• _PROBLEM DETAILS_: Only the text of the records below belongs in the answer, copied exactly, with pictures omitted.
*** INFORMATION SUPPLIED Section Begins ***
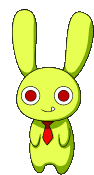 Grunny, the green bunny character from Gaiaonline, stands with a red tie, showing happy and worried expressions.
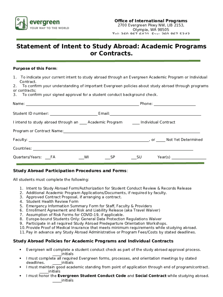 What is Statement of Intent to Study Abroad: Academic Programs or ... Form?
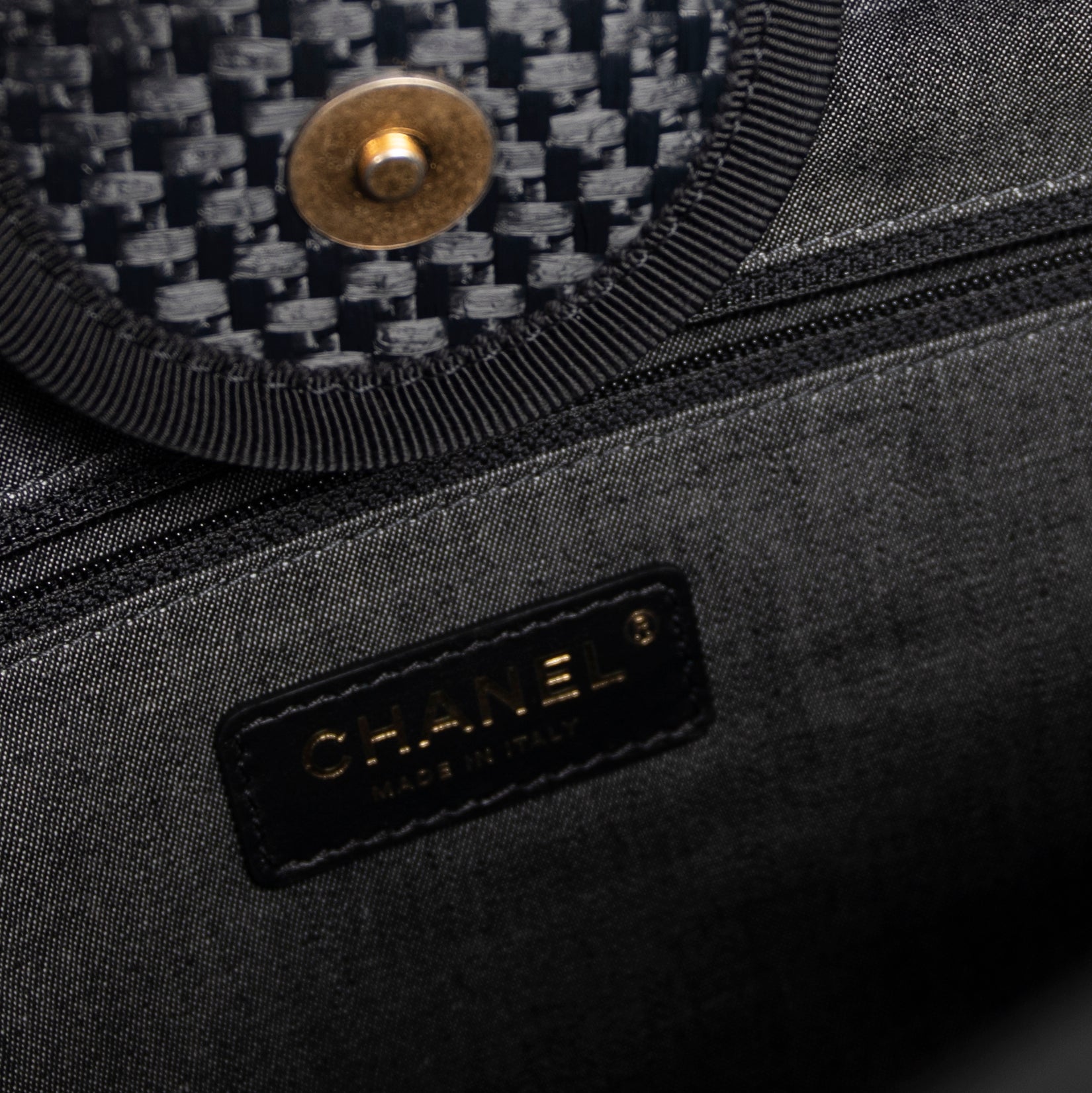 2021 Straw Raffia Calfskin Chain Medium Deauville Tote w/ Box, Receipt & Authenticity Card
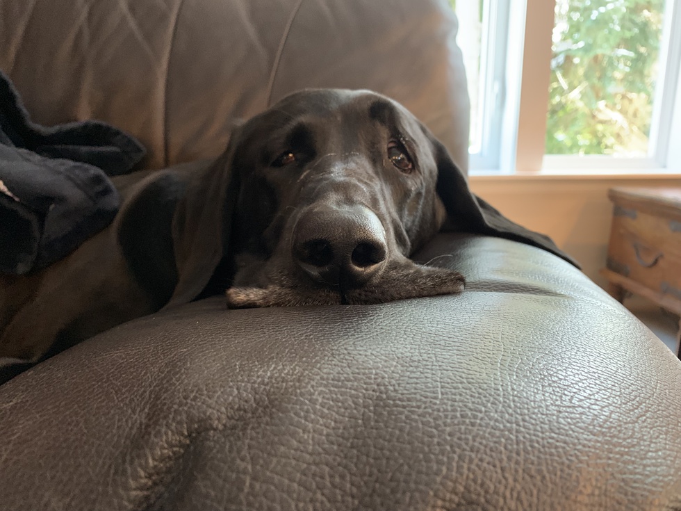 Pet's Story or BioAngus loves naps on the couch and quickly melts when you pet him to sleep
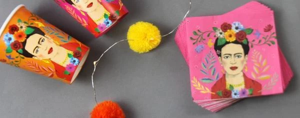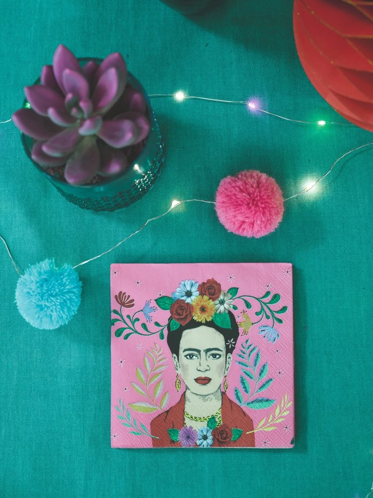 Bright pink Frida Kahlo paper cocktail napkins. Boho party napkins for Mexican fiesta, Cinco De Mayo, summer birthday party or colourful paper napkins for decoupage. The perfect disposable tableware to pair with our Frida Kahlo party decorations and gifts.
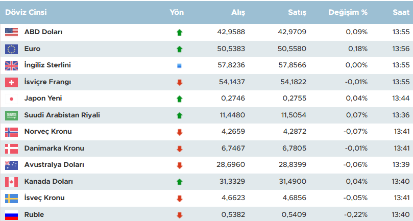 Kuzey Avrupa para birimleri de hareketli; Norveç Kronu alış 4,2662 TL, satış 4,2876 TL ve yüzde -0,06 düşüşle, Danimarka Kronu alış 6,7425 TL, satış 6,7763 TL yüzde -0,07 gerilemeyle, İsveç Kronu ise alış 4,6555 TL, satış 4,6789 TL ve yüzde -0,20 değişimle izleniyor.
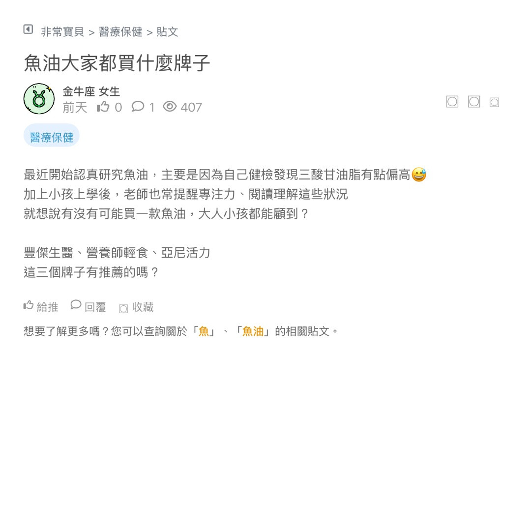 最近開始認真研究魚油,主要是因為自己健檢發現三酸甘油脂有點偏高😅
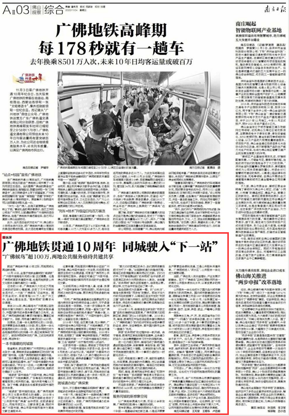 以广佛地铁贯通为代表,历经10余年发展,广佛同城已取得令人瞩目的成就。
*** INFORMATION SUPPLIED Section Ends ***
• _ANSWER TO THIS TASK_:
 Grunny, the green bunny character from Gaiaonline, stands with a red tie, showing happy and worried expressions.
 What is Statement of Intent to Study Abroad: Academic Programs or ... Form?
 2021 Straw Raffia Calfskin Chain Medium Deauville Tote w/ Box, Receipt & Authenticity Card
 Pet's Story or BioAngus loves naps on the couch and quickly melts when you pet him to sleep
 Bright pink Frida Kahlo paper cocktail napkins. Boho party napkins for Mexican fiesta, Cinco De Mayo, summer birthday party or colourful paper napkins for decoupage. The perfect disposable tableware to pair with our Frida Kahlo party decorations and gifts.
 Kuzey Avrupa para birimleri de hareketli; Norveç Kronu alış 4,2662 TL, satış 4,2876 TL ve yüzde -0,06 düşüşle, Danimarka Kronu alış 6,7425 TL, satış 6,7763 TL yüzde -0,07 gerilemeyle, İsveç Kronu ise alış 4,6555 TL, satış 4,6789 TL ve yüzde -0,20 değişimle izleniyor.
 最近開始認真研究魚油,主要是因為自己健檢發現三酸甘油脂有點偏高😅
 以广佛地铁贯通为代表,历经10余年发展,广佛同城已取得令人瞩目的成就。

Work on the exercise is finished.